- Other name: Saw Lah Pwe
- Nicknames: "Bo Moustache", "Mr. Moustache"
- Born: 18 July 1962 Bago, Myanmar
- Died: 13 March 2016 (aged 53) Bago, Myanmar
- Allegiance: DKBA-5 (2011–2016) DKBA (1994–2011) KNLA (1976–1994)
- Service years: 1976–2016
- Rank: Commander-in-chief
- Conflicts: Internal conflict in Myanmar Karen conflict;

= Bo Nat Khann Mway =

Karen rebel commander in Myanmar (1962–2016)

Bo Nat Khann Mway (18 July 1962 – 13 March 2016), born Saw Lah Pwe and also known by his nicknames "Bo Moustache" and "Mr.
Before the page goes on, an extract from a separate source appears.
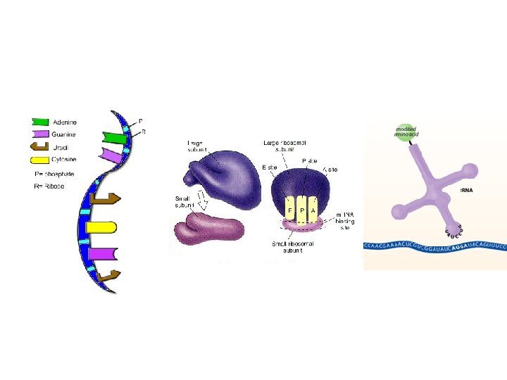 III. Types of RNA • A. There are 3 main types of RNA: – 1. messenger RNA – carry the copy of DNA to the rest of the cell (m. RNA) – 2. ribosomal RNA – make up ribosomes which make proteins (r. RNA) – 3. transfer RNA – carry an amino acid to the ribosome (t. RNA) • B. The 3 types of RNA play a key role in protein synthesis

Moustache", was a Karen military officer and commander-in-chief of DKBA-5, an insurgent group in Kayin State, Myanmar (Burma).

Bo Nat Khann Mway joined the Democratic Karen Buddhist Army (DKBA) after its split from the Karen National Liberation Army (KNLA) in 1994. In 2011, five DKBA brigades under the command of Bo Nat Khann Mway split from the group after they rejected the government's plan to convert the DKBA into a border guard force subservient to the Tatmadaw. On 21 August 2010, two of the original five brigades under his command, comprising around 300 troops, integrated themselves into the newly formed border guard force.

Bo Nat Khann Mway died from throat cancer on 13 March 2016, at a hospital in his hometown of Bago (Pegu).